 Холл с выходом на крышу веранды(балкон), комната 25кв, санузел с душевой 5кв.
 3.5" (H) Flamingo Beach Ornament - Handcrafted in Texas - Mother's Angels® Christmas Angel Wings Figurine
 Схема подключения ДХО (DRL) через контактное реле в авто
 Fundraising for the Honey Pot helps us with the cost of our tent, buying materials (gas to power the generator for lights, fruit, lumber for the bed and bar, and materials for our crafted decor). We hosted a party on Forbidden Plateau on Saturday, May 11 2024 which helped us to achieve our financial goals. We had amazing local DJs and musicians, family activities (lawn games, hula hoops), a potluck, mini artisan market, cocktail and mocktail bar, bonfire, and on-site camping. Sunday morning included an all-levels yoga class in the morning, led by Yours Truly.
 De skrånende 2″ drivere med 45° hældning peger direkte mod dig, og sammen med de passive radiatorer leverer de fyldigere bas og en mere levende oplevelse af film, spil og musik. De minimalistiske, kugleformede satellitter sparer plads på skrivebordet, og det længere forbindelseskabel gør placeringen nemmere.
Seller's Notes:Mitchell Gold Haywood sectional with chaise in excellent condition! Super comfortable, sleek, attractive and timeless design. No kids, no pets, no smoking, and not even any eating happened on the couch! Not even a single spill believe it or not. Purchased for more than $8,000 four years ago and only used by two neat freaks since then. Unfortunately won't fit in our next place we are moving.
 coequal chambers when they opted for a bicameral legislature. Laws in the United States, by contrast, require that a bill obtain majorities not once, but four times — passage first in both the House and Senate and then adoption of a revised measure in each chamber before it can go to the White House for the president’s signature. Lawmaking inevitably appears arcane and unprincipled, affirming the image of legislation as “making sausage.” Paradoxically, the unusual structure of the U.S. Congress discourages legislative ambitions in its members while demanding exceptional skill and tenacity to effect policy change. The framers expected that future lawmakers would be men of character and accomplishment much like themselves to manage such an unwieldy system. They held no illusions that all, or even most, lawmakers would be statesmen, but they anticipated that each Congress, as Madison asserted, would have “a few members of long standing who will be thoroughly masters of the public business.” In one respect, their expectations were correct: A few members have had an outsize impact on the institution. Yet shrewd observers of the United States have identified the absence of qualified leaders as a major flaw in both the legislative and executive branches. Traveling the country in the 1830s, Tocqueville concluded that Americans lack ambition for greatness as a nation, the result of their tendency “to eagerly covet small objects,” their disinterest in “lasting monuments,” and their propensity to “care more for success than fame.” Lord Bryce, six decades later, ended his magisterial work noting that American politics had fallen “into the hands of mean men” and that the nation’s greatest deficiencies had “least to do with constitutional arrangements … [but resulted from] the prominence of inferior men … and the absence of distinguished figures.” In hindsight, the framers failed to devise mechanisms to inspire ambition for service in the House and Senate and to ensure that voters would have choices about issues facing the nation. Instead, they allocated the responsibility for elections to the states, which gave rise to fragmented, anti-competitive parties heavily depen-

------------------------------------------------------------

_Assignment_
Restate the data verbatim through the "Схема подключения ДХО" line.

_Solution for this task_
 Холл с выходом на крышу веранды(балкон), комната 25кв, санузел с душевой 5кв.
 3.5" (H) Flamingo Beach Ornament - Handcrafted in Texas - Mother's Angels® Christmas Angel Wings Figurine
 Схема подключения ДХО (DRL) через контактное реле в авто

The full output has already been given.